## Exercise description
Exactly the lines below from the line with "第一时间是金建聪老师带来的《" through the line with "和朋友們晚飯,預訂了龍苑中菜" must make up the answer, both ends included and pictures left out.

## Available records
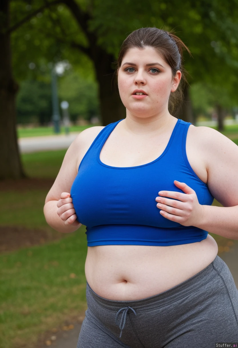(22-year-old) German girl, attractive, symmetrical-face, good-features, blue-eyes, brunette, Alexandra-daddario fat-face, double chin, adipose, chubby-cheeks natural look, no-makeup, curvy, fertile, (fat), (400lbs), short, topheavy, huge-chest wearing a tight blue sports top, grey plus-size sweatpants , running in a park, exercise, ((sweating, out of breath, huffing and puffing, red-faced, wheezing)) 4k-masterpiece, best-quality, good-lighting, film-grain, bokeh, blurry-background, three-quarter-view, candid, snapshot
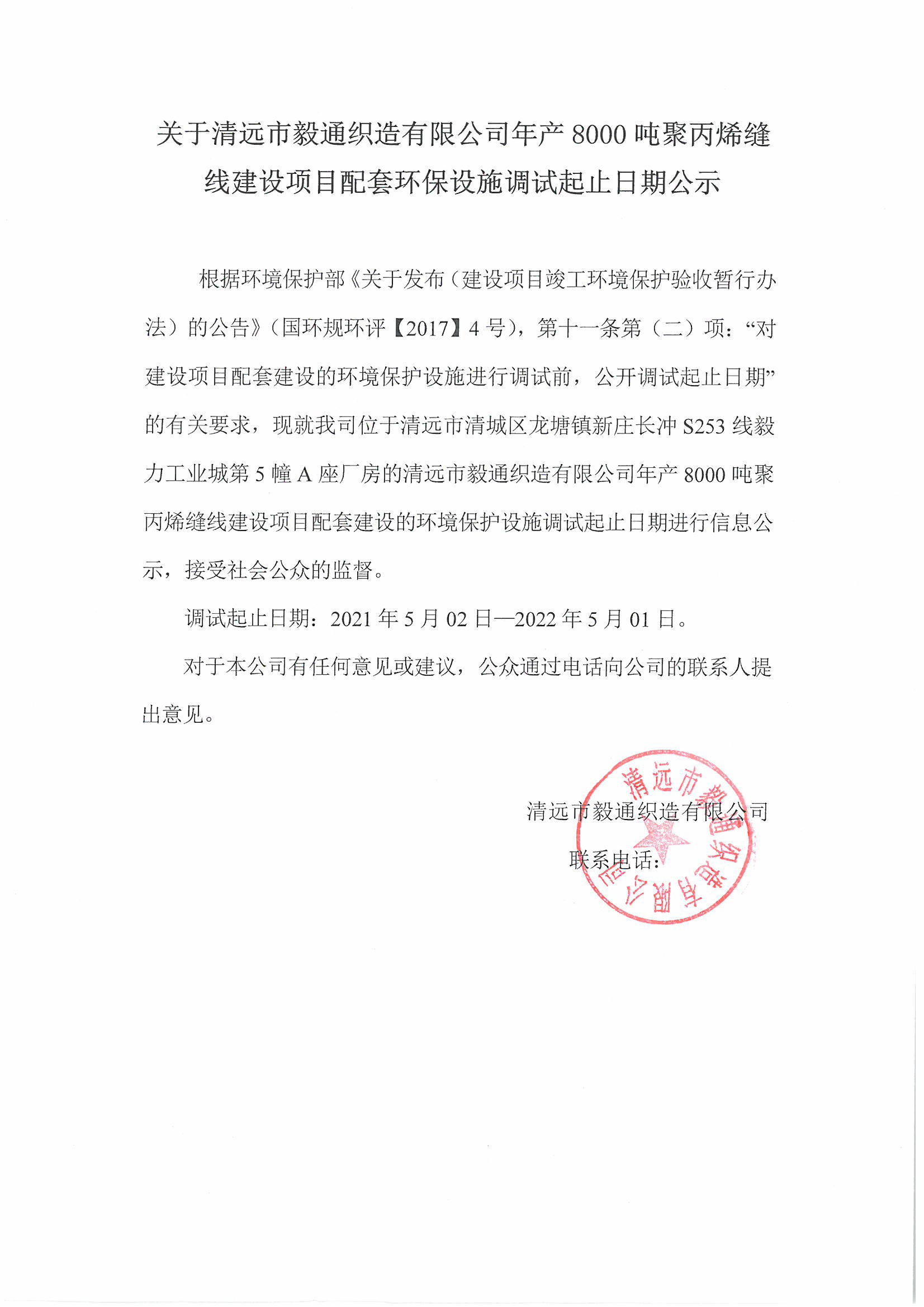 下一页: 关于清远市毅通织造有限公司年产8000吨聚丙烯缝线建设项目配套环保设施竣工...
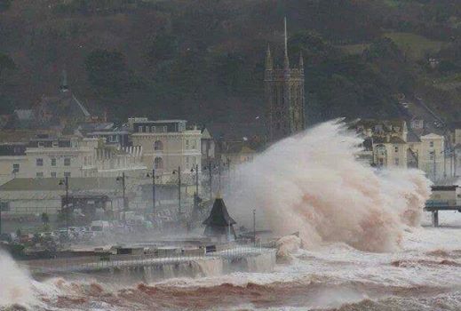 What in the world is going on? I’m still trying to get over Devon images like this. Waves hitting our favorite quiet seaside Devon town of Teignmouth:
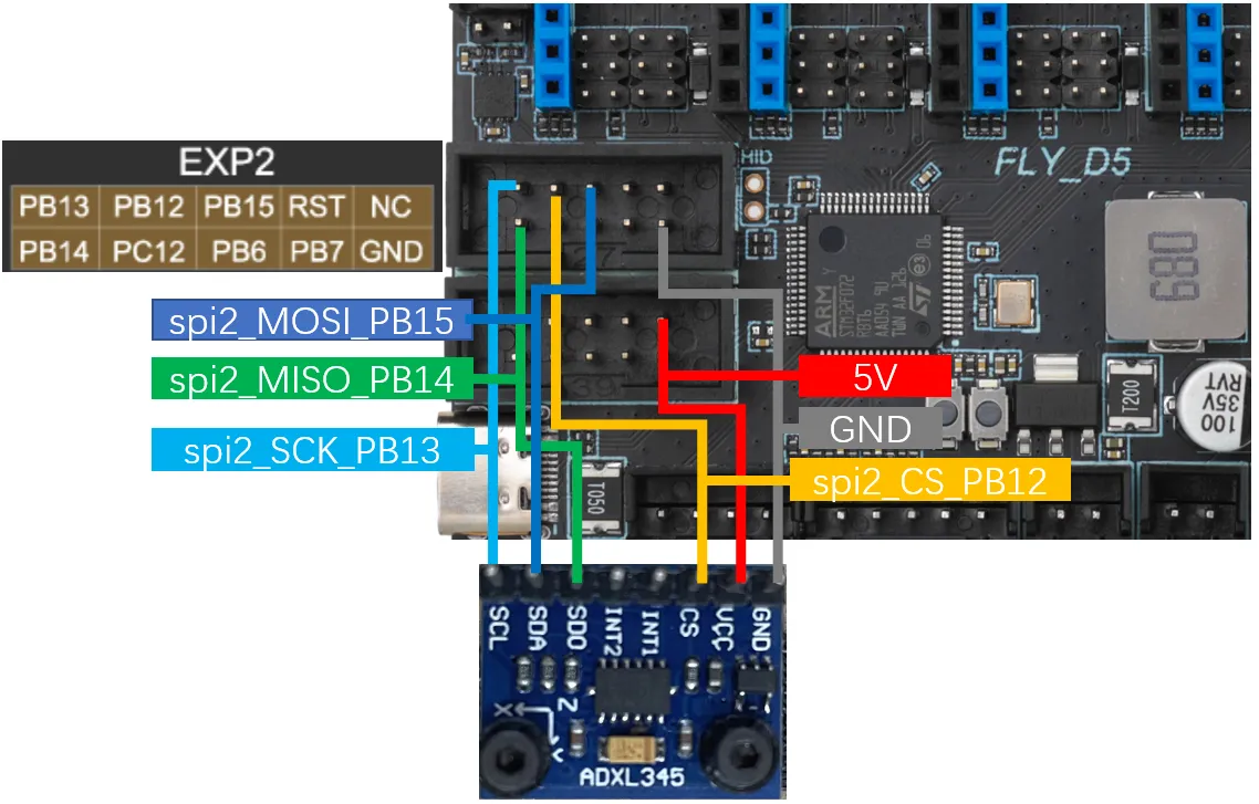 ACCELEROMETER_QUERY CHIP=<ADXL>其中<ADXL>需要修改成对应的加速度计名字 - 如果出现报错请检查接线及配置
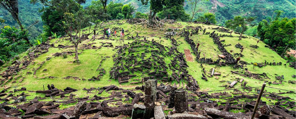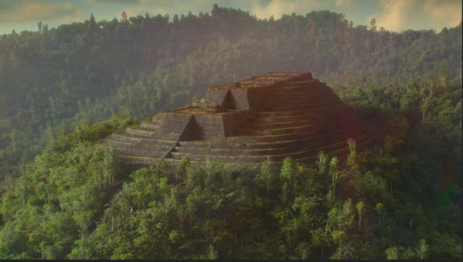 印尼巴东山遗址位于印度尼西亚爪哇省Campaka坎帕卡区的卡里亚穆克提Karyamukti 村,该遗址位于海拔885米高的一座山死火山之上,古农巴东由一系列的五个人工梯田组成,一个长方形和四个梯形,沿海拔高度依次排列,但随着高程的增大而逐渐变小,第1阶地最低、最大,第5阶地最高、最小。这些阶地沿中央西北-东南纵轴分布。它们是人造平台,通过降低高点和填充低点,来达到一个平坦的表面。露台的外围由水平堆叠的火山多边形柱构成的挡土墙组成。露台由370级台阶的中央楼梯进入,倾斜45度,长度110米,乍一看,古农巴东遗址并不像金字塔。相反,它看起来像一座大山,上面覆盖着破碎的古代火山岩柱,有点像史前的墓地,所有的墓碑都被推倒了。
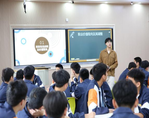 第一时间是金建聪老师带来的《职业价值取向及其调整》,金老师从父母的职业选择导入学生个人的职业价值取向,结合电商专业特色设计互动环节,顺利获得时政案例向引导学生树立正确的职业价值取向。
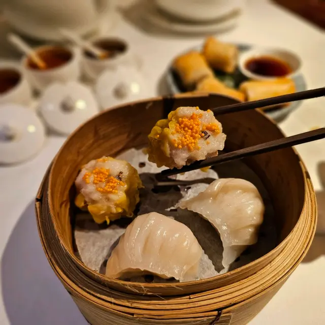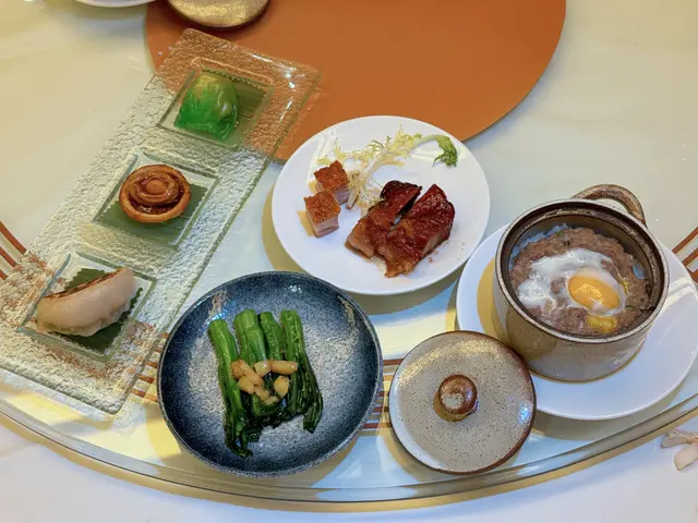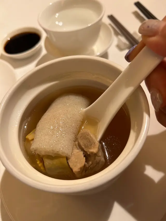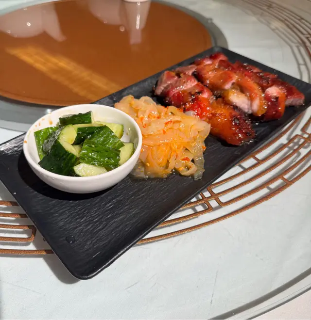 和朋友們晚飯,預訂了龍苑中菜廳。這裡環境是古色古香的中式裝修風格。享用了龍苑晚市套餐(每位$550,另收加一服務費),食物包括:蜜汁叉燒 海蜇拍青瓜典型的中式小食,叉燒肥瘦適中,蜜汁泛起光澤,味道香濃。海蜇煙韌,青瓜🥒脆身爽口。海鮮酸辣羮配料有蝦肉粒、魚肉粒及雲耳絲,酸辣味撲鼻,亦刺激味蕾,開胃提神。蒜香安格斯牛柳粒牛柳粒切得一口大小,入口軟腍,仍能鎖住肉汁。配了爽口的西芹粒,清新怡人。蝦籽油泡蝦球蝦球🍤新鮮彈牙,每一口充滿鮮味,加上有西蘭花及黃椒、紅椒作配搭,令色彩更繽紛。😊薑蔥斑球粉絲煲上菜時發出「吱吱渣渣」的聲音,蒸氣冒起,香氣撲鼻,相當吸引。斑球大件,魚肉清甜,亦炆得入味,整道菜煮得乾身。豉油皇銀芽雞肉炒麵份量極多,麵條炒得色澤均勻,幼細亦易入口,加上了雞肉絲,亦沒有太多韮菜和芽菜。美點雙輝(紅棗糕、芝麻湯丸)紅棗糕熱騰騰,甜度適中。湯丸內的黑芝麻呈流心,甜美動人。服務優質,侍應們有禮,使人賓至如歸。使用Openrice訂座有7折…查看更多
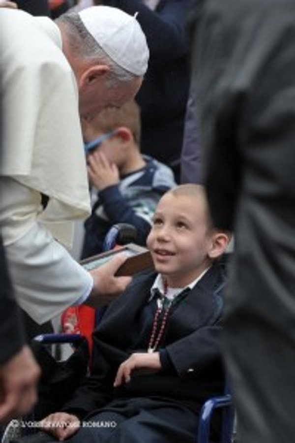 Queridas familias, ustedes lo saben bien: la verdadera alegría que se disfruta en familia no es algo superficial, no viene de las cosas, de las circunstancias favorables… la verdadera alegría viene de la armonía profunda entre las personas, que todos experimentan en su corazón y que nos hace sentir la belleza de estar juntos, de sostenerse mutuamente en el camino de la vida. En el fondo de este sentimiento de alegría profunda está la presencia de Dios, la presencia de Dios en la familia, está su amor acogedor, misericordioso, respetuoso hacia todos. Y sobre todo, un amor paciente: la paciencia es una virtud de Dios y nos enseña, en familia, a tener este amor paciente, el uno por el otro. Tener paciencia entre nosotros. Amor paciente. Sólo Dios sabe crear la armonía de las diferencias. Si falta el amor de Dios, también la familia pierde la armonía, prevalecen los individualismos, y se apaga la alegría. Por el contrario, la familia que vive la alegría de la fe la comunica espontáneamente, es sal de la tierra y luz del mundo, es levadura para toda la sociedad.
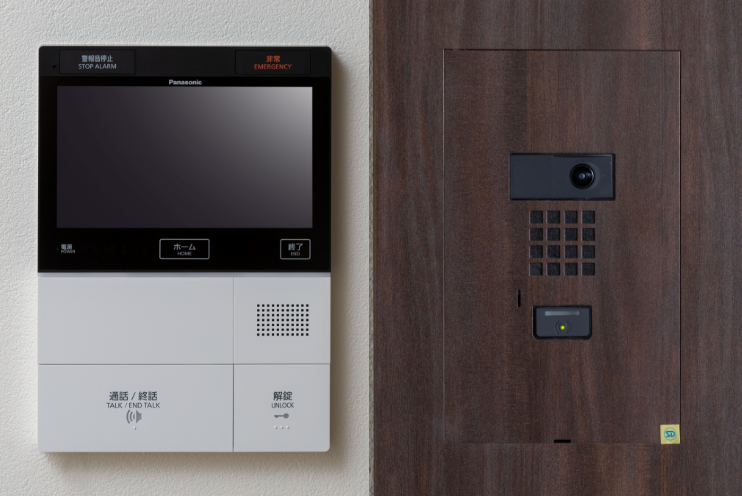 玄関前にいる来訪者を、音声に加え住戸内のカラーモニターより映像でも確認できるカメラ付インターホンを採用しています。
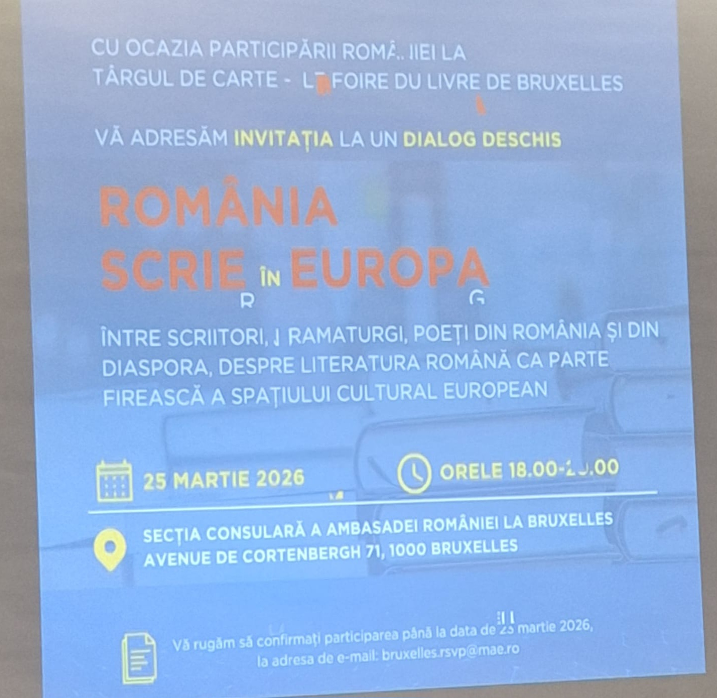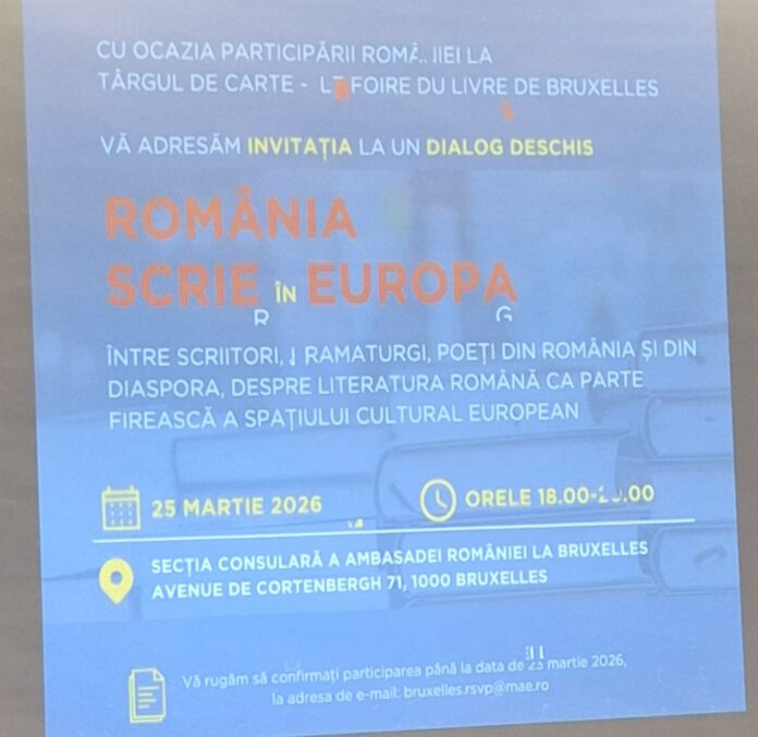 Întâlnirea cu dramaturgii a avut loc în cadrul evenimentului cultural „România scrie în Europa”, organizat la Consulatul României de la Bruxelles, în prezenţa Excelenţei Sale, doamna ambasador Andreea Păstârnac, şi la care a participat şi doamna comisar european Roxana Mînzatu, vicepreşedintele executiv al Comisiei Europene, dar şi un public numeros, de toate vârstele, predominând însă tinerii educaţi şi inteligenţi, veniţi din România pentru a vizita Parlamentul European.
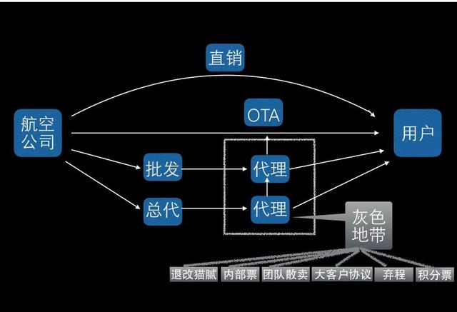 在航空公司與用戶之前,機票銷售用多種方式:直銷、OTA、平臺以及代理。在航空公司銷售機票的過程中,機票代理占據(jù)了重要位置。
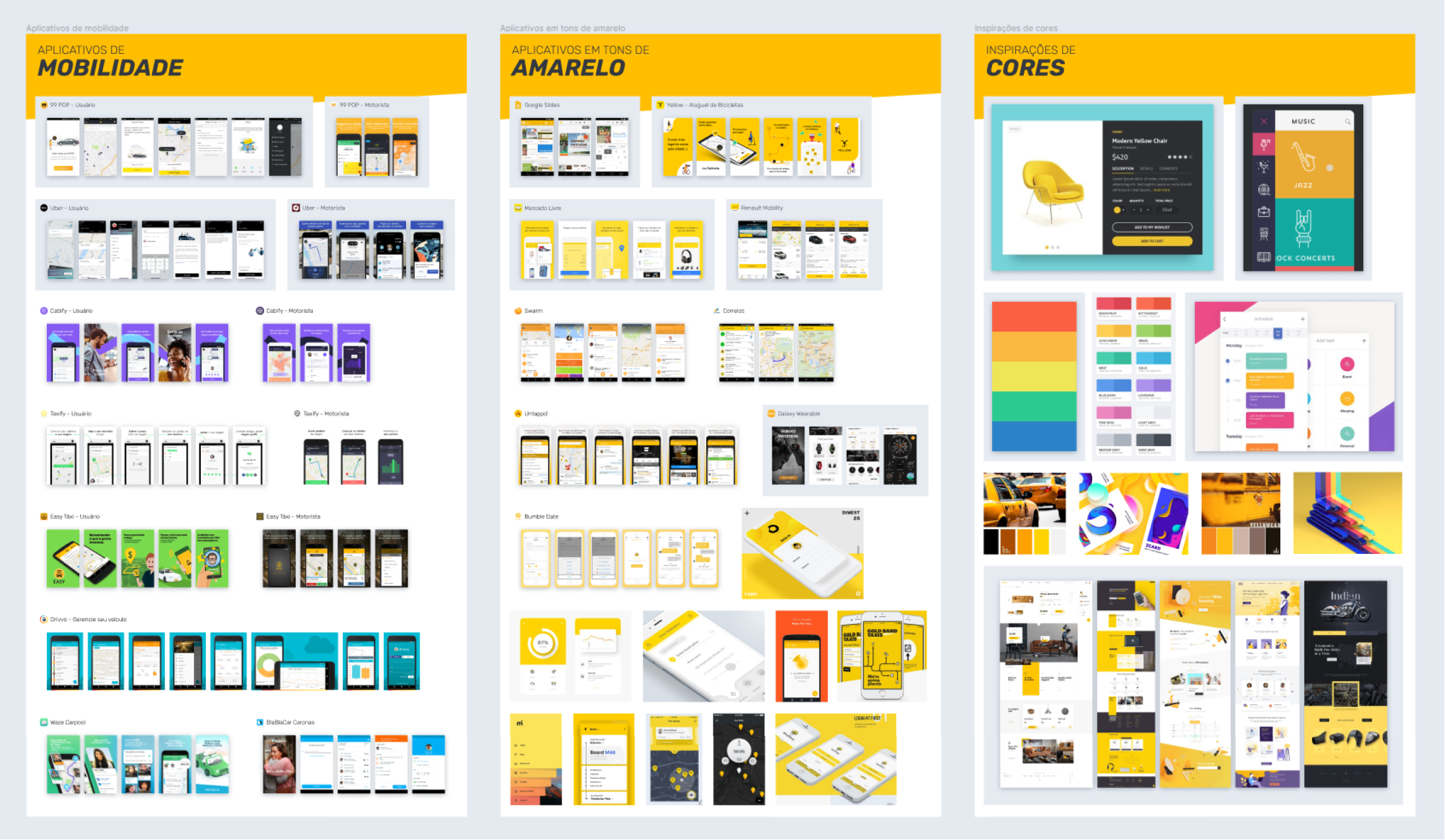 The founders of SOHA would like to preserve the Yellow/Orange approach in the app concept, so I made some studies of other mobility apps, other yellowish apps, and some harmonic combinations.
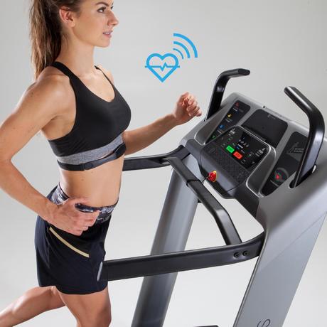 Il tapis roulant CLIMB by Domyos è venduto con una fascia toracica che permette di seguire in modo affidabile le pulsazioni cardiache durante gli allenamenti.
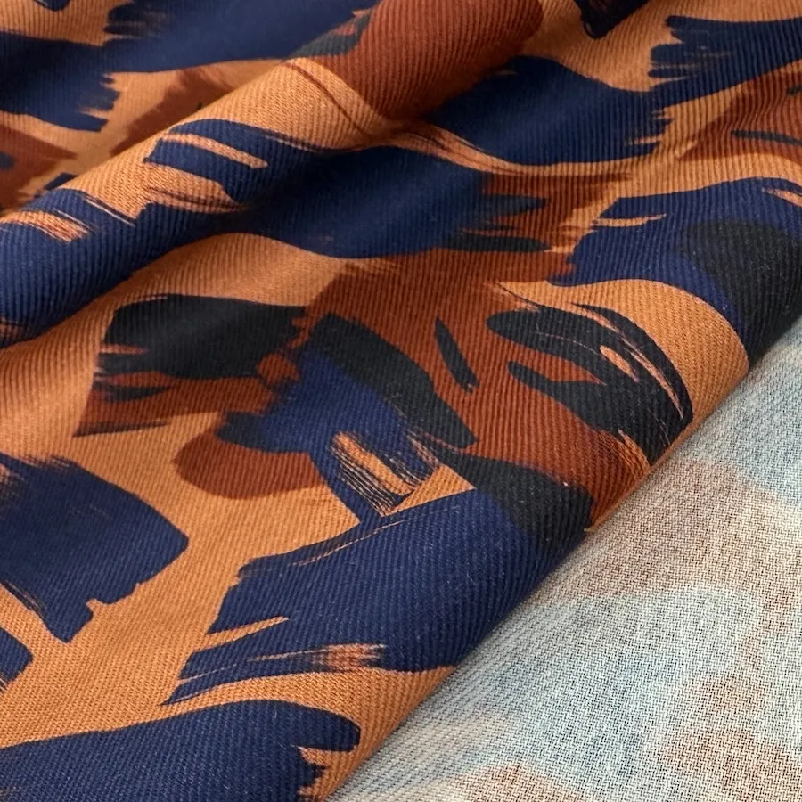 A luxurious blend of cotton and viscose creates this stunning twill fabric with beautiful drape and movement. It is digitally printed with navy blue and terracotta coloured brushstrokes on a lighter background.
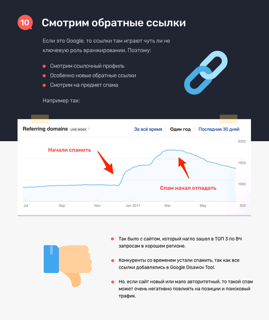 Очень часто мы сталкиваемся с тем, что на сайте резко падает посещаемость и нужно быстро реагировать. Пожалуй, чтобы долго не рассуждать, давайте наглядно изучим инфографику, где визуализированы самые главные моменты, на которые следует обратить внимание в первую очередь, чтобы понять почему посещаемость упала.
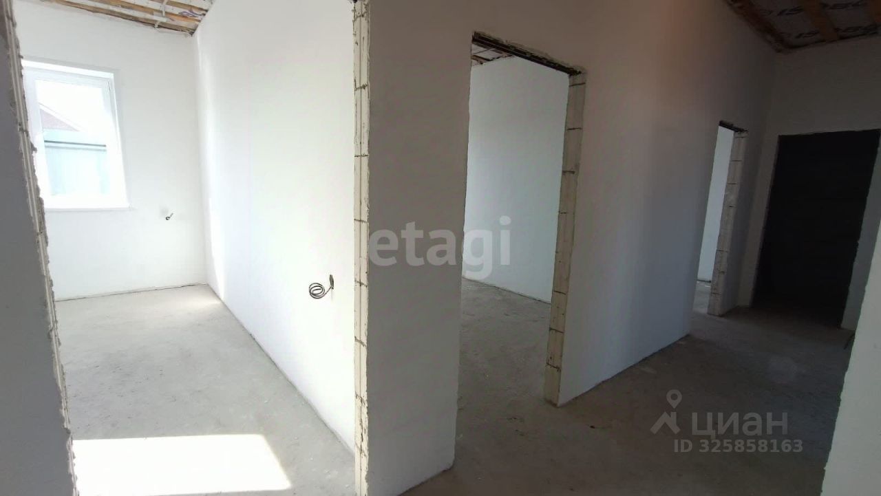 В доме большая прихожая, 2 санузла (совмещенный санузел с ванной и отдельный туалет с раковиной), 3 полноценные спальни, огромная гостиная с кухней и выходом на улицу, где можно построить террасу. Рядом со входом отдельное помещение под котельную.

## Completed exercise
 第一时间是金建聪老师带来的《职业价值取向及其调整》,金老师从父母的职业选择导入学生个人的职业价值取向,结合电商专业特色设计互动环节,顺利获得时政案例向引导学生树立正确的职业价值取向。
 和朋友們晚飯,預訂了龍苑中菜廳。這裡環境是古色古香的中式裝修風格。享用了龍苑晚市套餐(每位$550,另收加一服務費),食物包括:蜜汁叉燒 海蜇拍青瓜典型的中式小食,叉燒肥瘦適中,蜜汁泛起光澤,味道香濃。海蜇煙韌,青瓜🥒脆身爽口。海鮮酸辣羮配料有蝦肉粒、魚肉粒及雲耳絲,酸辣味撲鼻,亦刺激味蕾,開胃提神。蒜香安格斯牛柳粒牛柳粒切得一口大小,入口軟腍,仍能鎖住肉汁。配了爽口的西芹粒,清新怡人。蝦籽油泡蝦球蝦球🍤新鮮彈牙,每一口充滿鮮味,加上有西蘭花及黃椒、紅椒作配搭,令色彩更繽紛。😊薑蔥斑球粉絲煲上菜時發出「吱吱渣渣」的聲音,蒸氣冒起,香氣撲鼻,相當吸引。斑球大件,魚肉清甜,亦炆得入味,整道菜煮得乾身。豉油皇銀芽雞肉炒麵份量極多,麵條炒得色澤均勻,幼細亦易入口,加上了雞肉絲,亦沒有太多韮菜和芽菜。美點雙輝(紅棗糕、芝麻湯丸)紅棗糕熱騰騰,甜度適中。湯丸內的黑芝麻呈流心,甜美動人。服務優質,侍應們有禮,使人賓至如歸。使用Openrice訂座有7折…查看更多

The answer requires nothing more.